Aristocrates à quatre pattes

Comme on peut le lire dans la préface de cet ouvrage qui est plein…d’allure, les artistes dont on admire les œuvres ne sont pas des petits maîtres, loin de là. Leur connaissance approfondie des chevaux vient de ce qu’ils sont aussi cavaliers. Autant dire qu’ils savent restituer dans leur travail de sculpteur les attitudes des animaux qu’ils prennent pour modèles, de l’étalon nerveux à la calme poulinière, du pas au galop. Ils ont monté ces chevaux, sauté avec eux, galopé avec eux, chassé avec eux, ils les ont attelés, entraînés, observés, dessinés, photographiés. Avec eux, pas de ces postures au demeurant fort belles héritées de l’antique ou de l’académie mais qui semblent forcées ou idéalisées. Tout est sincère, réel, vécu.

 

Entre leurs mains, « la matière devenait vivante », note l’auteur qui étant lui-même un cavalier de haut niveau, en plus expert en art, notamment du XIXème siècle, sait comment juger ces pièces et en vérifier la justesse, mieux dit encore les aplombs.

 

Ce qui attire en effet le regard, quelque soit la pose adoptée, l’environnement choisi, ou encore la taille de la sculpture, les patines, c’est cette impression d’authenticité dans le rendu de l’instant où le cheval trotte, s’élance pour franchir l’obstacle, broute, se pointe, jusqu’à l’âne ruant et se cabrant - car l’humble baudet est aussi invité à cette exposition des « aristocrates à quatre pattes ».
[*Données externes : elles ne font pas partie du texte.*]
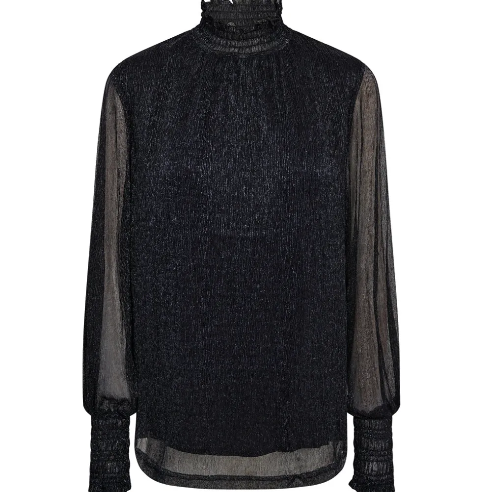 Smuk mørkeblå bluse med glimmer fra Mos Mosh. Med lange gennemsigtige ærmer og høj hals med små flæser. Perfekt til både hverdag og fest.

L’exactitude est si grande que l’on croit entendre au fil des pages des bruits de sabots, des hennissements et des aboiements, des commandements, des appels dans la forêt, des maillets de joueurs de polo qui frappent la balle, peut-être même le bruit plus discret mais caractéristique du piqueux bouchonnant son cheval ! Une fidélité qui n’est pas copie pure, seulement sècheresse de la régularité absolue qui, afin d’être précise, elle en perdrait son intérêt et sa vitalité. La vie circule partout, s’anime dans le pur-sang, frémit dans le cheval cob, réchauffe la jument et son poulain, fortifie le cheval de fiacre et solidifie le gros trait belge.

 

Quelques grands noms ont donné à la sculpture animalière sa renommée, un style inégalé, à la fois puissant, réaliste, souvent stylisé, comme François Pompon, Antoine-Louis Barye, Rembrandt Bugatti. Ici les noms sont sans doute moins célèbres, ils sont sûrement plus proches de la vérité qu’ils veulent saisir. Le plus étonnant est qu’en fixant dans le bronze ce bref moment de l’action, leur talent en transmet l’énergie, le mouvement déployé et la dynamique. Ainsi de ce Dragon sous la pluie, de Jacques Froment-Meurice, de L’Amazone du prince Paul Troubetzkoy, de ce Valet d’écurie et chevaux à l’entraînement exécuté par Georges Malissard, de ce Cheval qui tire au renard signé par André Guiet.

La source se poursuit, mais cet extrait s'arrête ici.